The transition to an agentic marketing organization is not a distant, futuristic concept; it is the next logical step in our collective pursuit of customer-centricity. It is an evolution from static prediction to dynamic interaction, from broadcasting messages to facilitating outcomes. As leaders, our role is to guide this transformation—not by having all the answers, but by architecting the systems, cultivating the talent, and fostering the curious mindset required to thrive in this new era. It requires us to be both business dreamers and pragmatic builders.
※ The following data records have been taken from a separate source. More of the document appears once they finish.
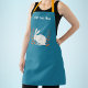 Ce tablier de cuisine est bleu profond avec un lapin blanc assis entre deux plantes oranges. Customisez votre texte avec le modèle.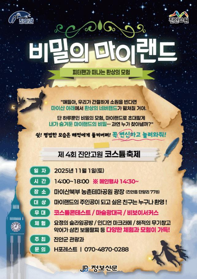 진안군 관계자는 “비밀의 마이랜드 축제는 마이산을 배경으로 펼쳐지는 특별한 코스튬 행사로, 전주·대전 등 인근 시군에서도 해마다 더 많은 분들이 찾아오고 있다”며 “주민과 관광객이 함께 어울려 즐기는 진안만의 신선하고 유쾌한 관광 축제인 만큼, 비밀의 마이랜드에서 특별한 가을날의 추억을 만들어 가시길 바란다”고 전했다.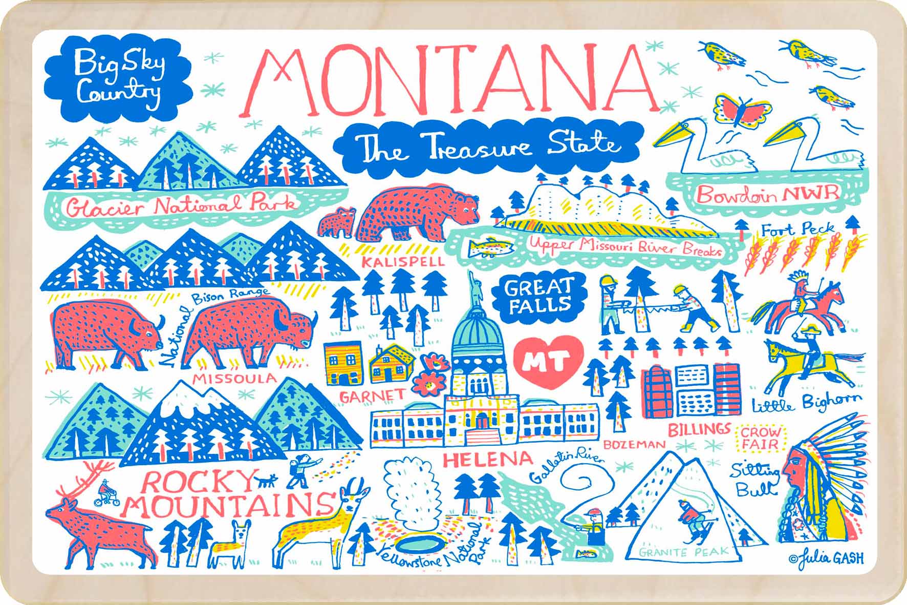 Montana – Eco-friendly Card - Doodle Map Wooden Postcard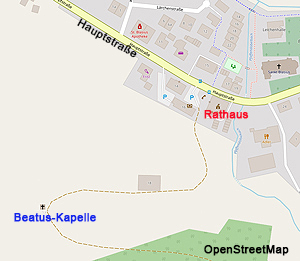 In Buchenbach führt zwischen dem Rathausparkplatz und dem Rathaus von der Hauptstraße ein Wirtschaftsweg den Wiesenhang aufwärts. Er verläuft zunächst nach Süden und biegt dann nach Westen parallel zum Hang ab, bis er wieder eine kräftige Linkskehre macht. An der Spitze der Kehre steht die Beatus-Kapelle – eine kleine Hofkapelle aus dem Jahr 1998.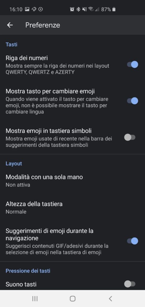 - da qui puoi iniziare a personalizzare la tastiera in base alle tue esigenze e preferenze. Per avere le emoji di iPhone su Huawei, però, devi andare in Preferenze e attivare la spunta su Mostra tasto per cambiare emoji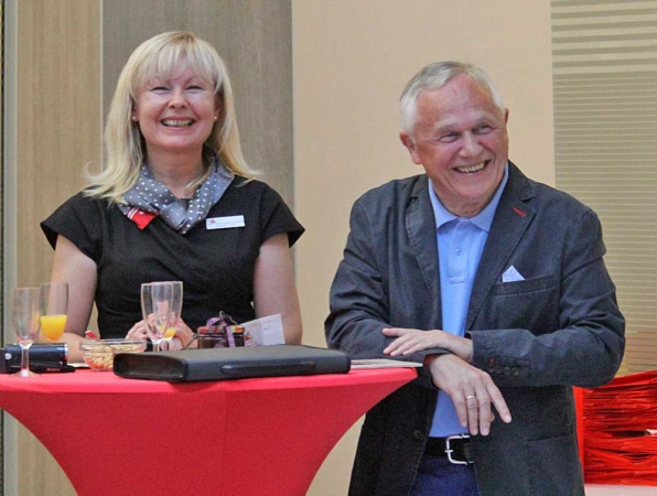 Sabine Funk, Vortsandsmitglied der Kreissparkasse mit W. C. Schmitt.
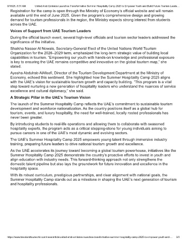 6/18/25, 8:31 AM United Arab Emirates Launches Transformative Summer Hospitality Camp 2025 to Empower Youth and Build Future Tourism Leade…
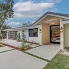 Single-story modern masterpiece tucked away amid gentle slopes? This fully renovated 5-bedroom, 3-bath residence blends architectural elegance with everyday functionality on a private 0.37-acre lot, surrounded by mature trees and serene hillside views. From the moment you arrive, sleek black-framed dual-pane windows and a custom metal pivot door set the tone for the design-forward touches throughout the home. A striking stone archway and chandelier welcome you into an open floor plan filled with natural light from strategically placed skylights. Smooth drywall, soothing neutral hues, luxury vinyl flooring, and contemporary finishes create a clean, organic aesthetic that’s both stylish and comfortable. The generous living room, centered around a sculptural bespoke plaster fireplace, flows effortlessly into a nearby dining alcove and kitchen designed for conversation and culinary endeavors. Cook with confidence using the French-inspired range beneath a handcrafted hood, surrounded by quartzite countertops, abundant cabinetry, stainless steel appliances, and a multi-seater island perfect for casual gatherings. A new mudroom with a substantial pantry adds to the home’s many flexible spaces. Retreat to the primary bedroom with patio access and a spa-like ensuite featuring an oversized frameless shower with dual showerheads. A junior suite offers its own exterior entrance, pass-through bath, and separate sitting area—ideal for guests or multi-generational living. Every bath and closet door is customized, and each shower features luxurious tile work, showcasing refined craftsmanship throughout. Stunning French and sliding glass doors open to a secluded courtyard or custom-landscaped backyard where synthetic grass, new concrete accents, and serene views create an idyllic outdoor escape. The fenced side yard is perfect for weekend BBQs or evenings under the stars. This home is conveniently located near shopping, entertainment, and nature trails, and offers access to award-winning schools in one of the area’s most sought-after communities. Experience the perfect blend of design, comfort, and character in this striking haven and imagine yourself calling it home.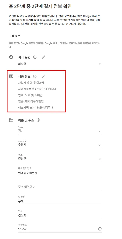 2단계 중 2단계 결제 정보를 추가로 입력합니다.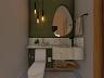 • Revestimentos em concreto aparente e texturas suaves, com molduras bem definidas que enobrecem o design e revestimento de pedra natural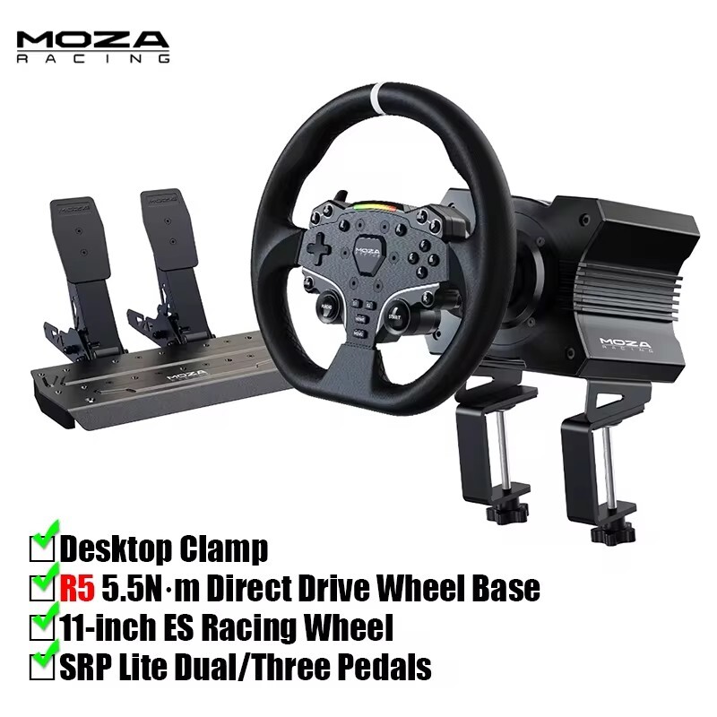 MOZA Racing R5 Bundle Kit Racing Simulator game Steering Wheel Pressure Pedal Description: 5.5 Nm of Torque from Direct Drive Power Aeroplane Grade Aluminum / Hand-made Stitch Leather / High-Strength Steel Ultra-high Power Density Servo Motor Customized Quick Release from Real Racing 22 Programmable Buttons Adjustable Spacing and Height Mapping Pedal Output Curves MOZA Pit House Control Software APP Cloud Control Included R5 Table Clamp R5 Wheel Base x1 ES Steering Wheel x1 SR-P Lite Pedals (Without Clutch) x1 R5 Table Clamp 15 Degree Desktop Mounting Clip Power Supply Power Cable USB Cable M4*10 Socket Screws x12 M6*20 Socket Head Screws x2 M8 Nuts x3 M6x12 Socket Head Screws x4 Pedal Fixed Rubber Columns x2 2.5mm Hexagonal Wrench x1 7mm Open End Wrench x1 5mm Hexagonal Wrench x1 Type A to Type B USB Cable x1 M8*12 Hexagonal Screws x3 What's Inbox: Payment Delivery details Terms of sales About us Contact us Payment Warning : every international Order will have inport Tax problem with Customs ,Please clear customs by buyer,we will lower the declare price on invoice Please do not open the Return directly ,any order problem You can send message to us first ,we will solve it very fast ,thank you 1.We accept payment via T/T, PayPal for USD dollars .Alipay and Wechat payment for RMB 2.We will deliver your goods within 20days after payment. 3.We will pack the goods well with exporting packages and bubble wrap to make sure all goods in a good condition during storage and delivery. 4.We usually use express delivery like DHL, UPS, FedEx, TNT and EMS, as we enjoy perfect discount in these companies. 5.We have well-trained and professional sales & after-sale services persons who can speak English fluently. Delivery details Each international package will have inport Tax problem with Customs ,Please clear customs by buyer Terms of sales 100% Official and official product About us China mainland super top seller wholesale company about video studio photography Camera equipment cargo .100% brand original and official Contact us Please send ebay message for asking product , we will reply you in 24 hours ,thank you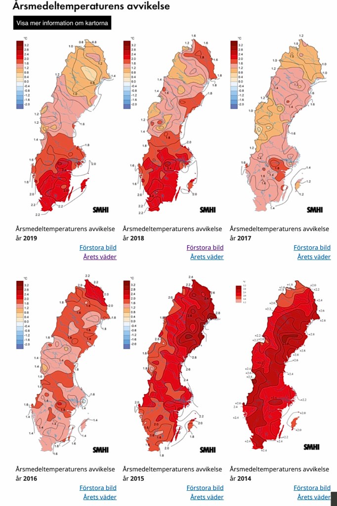 Bilden visar årliga medelavvikelser i temperatur för 2014 – 2019 På länken under finns data för 2020 (hittills) samt länk till övriga kartor från och med 2000. Ett enda år, 2010, har visat minusanomali.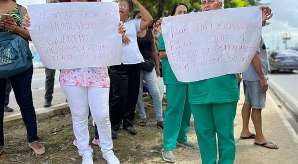 A equipe do Hospital Veredas fez protesto na manhã desta sexta-feira (16) em frente ao hospital, em Maceió. Os trabalhadores estiveram no local desde as sete da manhã, carregando faixas exigindo a normalização dos salários, que está atrasada desde março.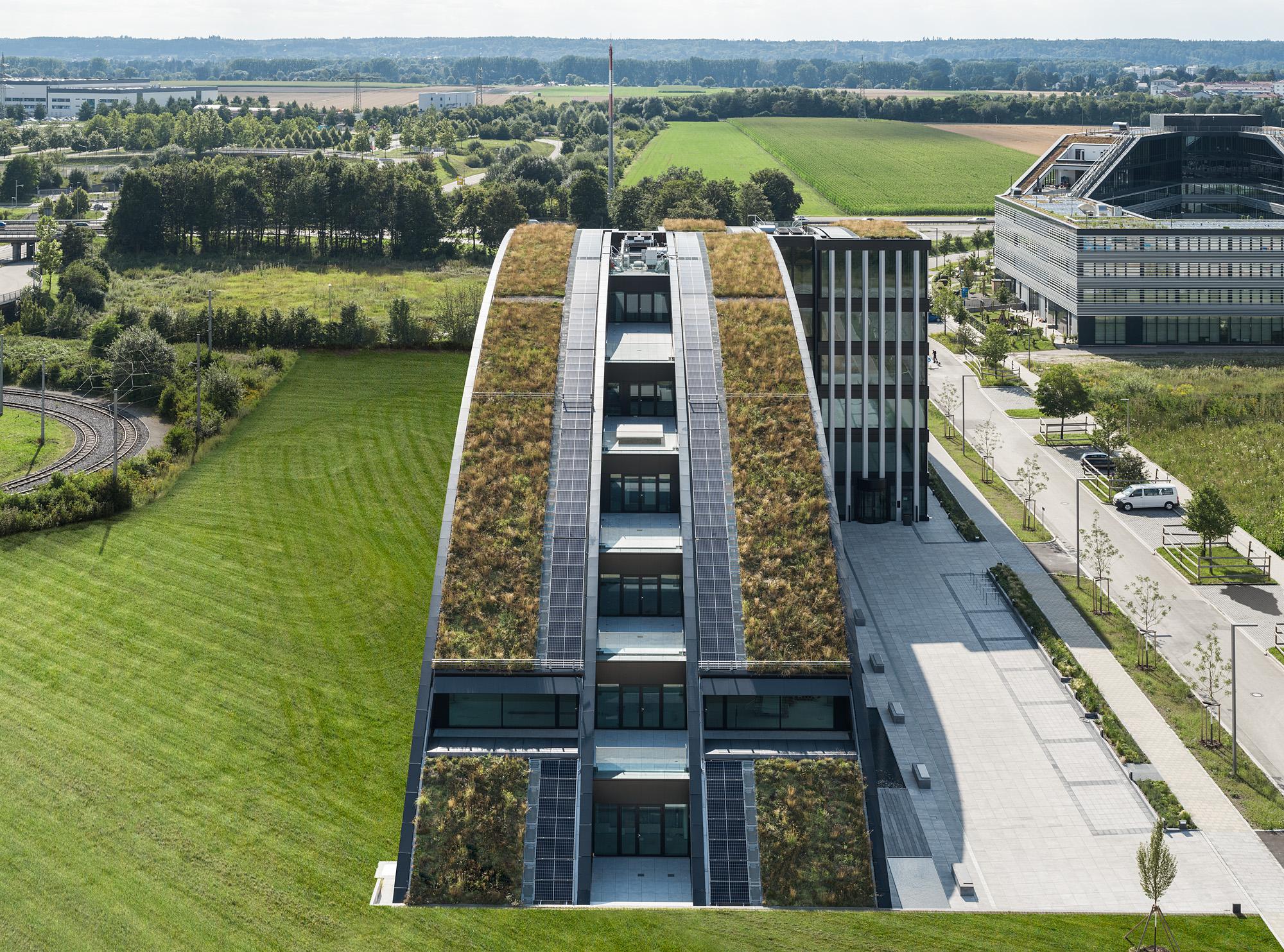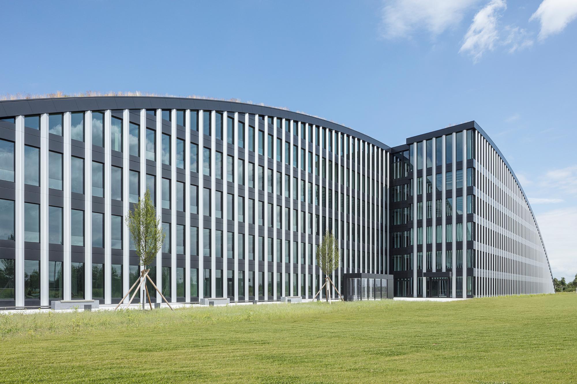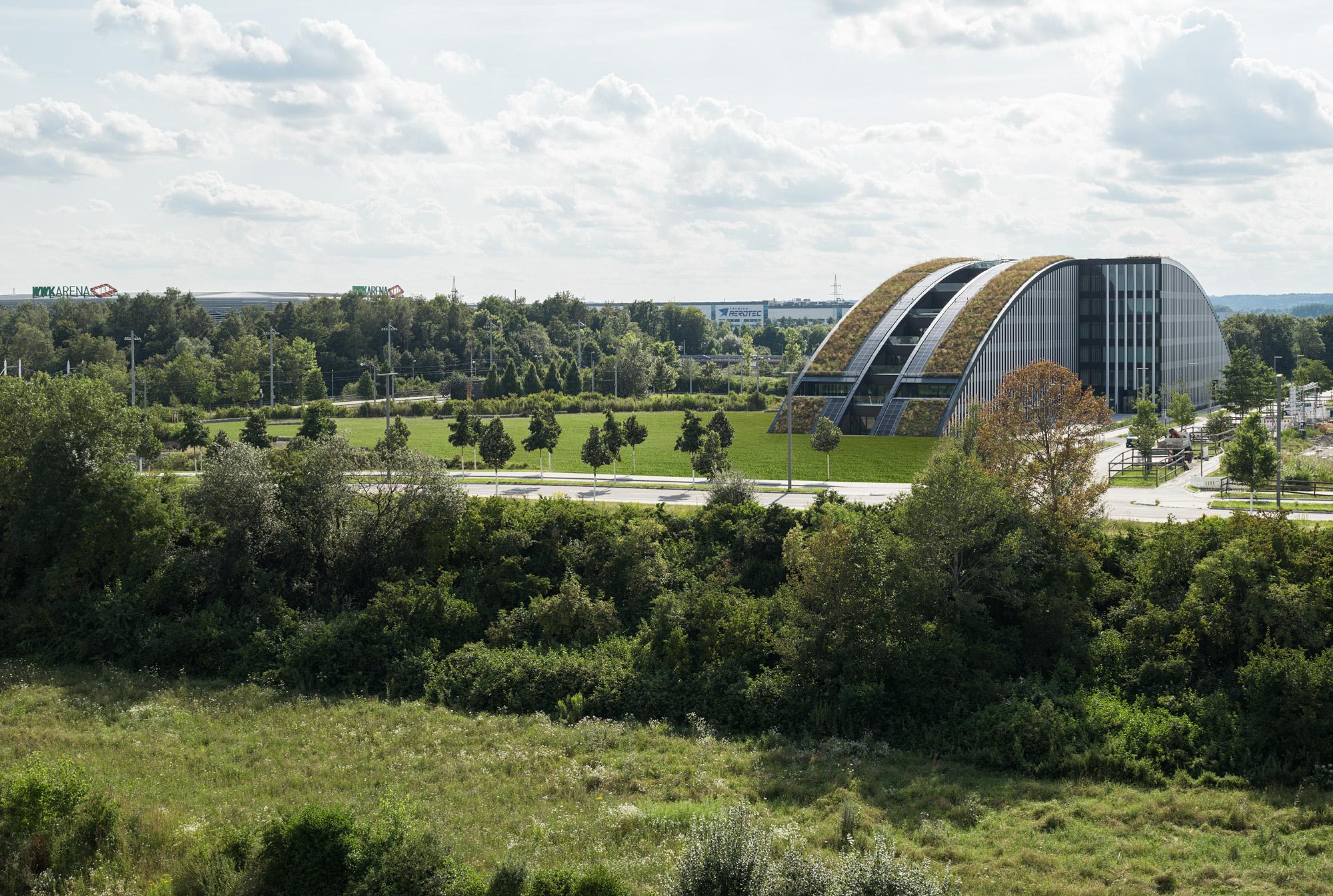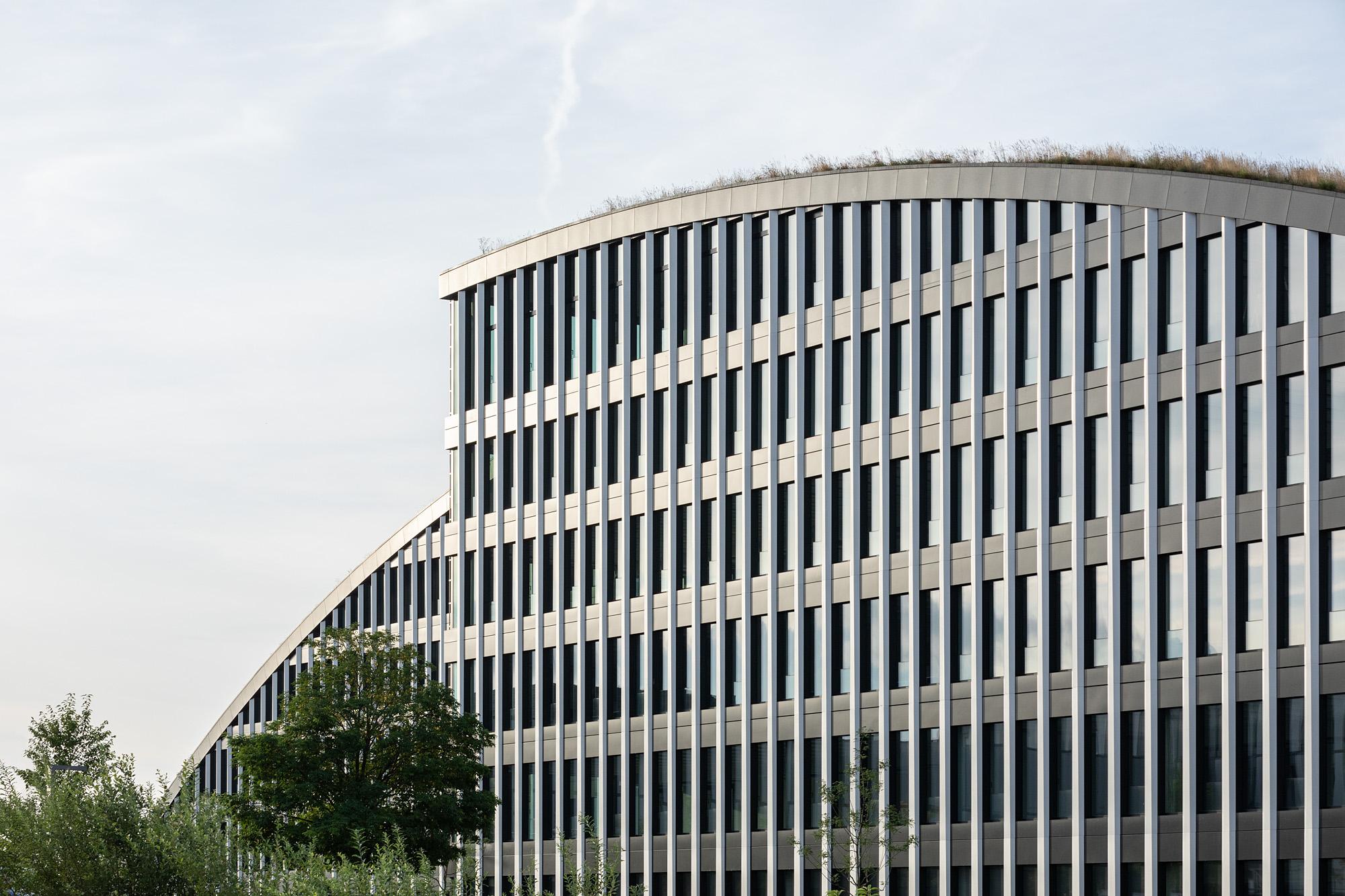 Office buildingAugsburg, GermanyThe building’s elegantly curved arch nearly takes on the shape of a sunrise. The green landscaped roof sees to it that the “Innovationsbogen”, the Innovation Arch, merges with its surroundings to form one entity. The striking silhouette is going to turn this office complex into a new landmark on the grounds of the Augsburg “Innovationspark”. This innovation park facility is readily regarded as a project success for Augsburg: An internationally acknowledged competence centre for the production-oriented development of innovative technologies is arising on an area of over 170 acres there. Extraordinary architecture meets trailblazing energy efficiency and maximum flexibility. When it comes to the deployment of environmentally sound technology and the use of modern materials, the Innovation Arch sets benchmarks in many sectors. Absolutely pioneering and a world premiere all in one is the façade made of 100 % recycled aluminium. Installation of the prefabricated elements will be completed in the summer. Due to this trendsetting technology alone, far more than 500 tonnes of CO2 are going to be saved. The structure aims to receive certification in compliance with the LEED environmental label (Leadership in Energy and Environmental Design) and be rated with its Core + Shell standard in Platinum.
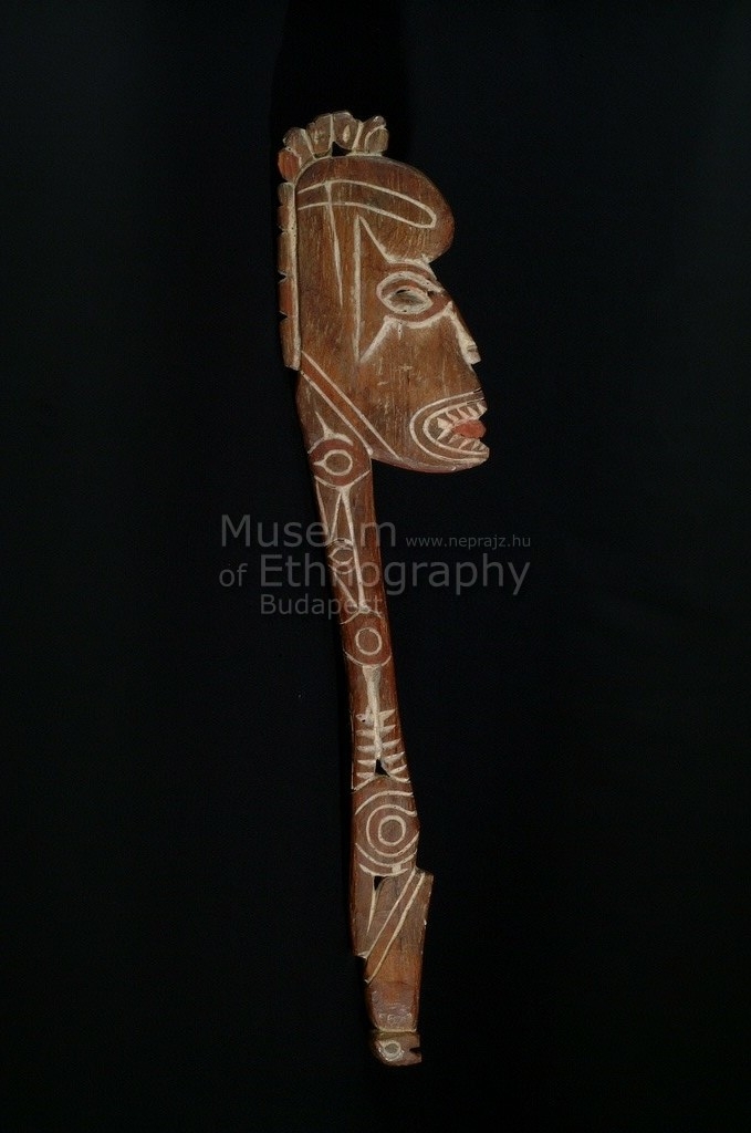 Keményfából készített lapos, hosszúkás tárgy. Felső része kiszélesedik, emberarcot ábrázol. Az arcvonásokat mélyített vonalak jelzik, a szemek körül szemfestési motívum látható, a fűrészfogszerűen kiképzett fogak között pedig a pirosra festett nyelv. Nyele egy helyen áttört, végén madárfej alakú faragvány van. A nyelet mélyített vonalakból álló geometrikus motívumok díszítik. Az arc felső részén és hátul jabó-sorok vannak. A mélyített vonalak fehérrel vannak inkrusztálva.

As we look ahead, the very definitions of our departments will begin to blur. As Ulrich predicts, the “imaginary line” between marketing and sales will likely disappear, replaced by a single, unified commercial engine powered by intelligent agents and overseen by human strategists. The KPIs will shift from channel-specific outputs to customer-centric outcomes like customer acquisition cost, lifetime value, and “product per customer.” This is a challenging transition, but it is also an incredibly exciting one. It’s an opportunity to finally deliver on the promise of 1:1 engagement at scale, creating experiences that are not just personalized, but genuinely helpful, seamless, and valuable for the customers we serve.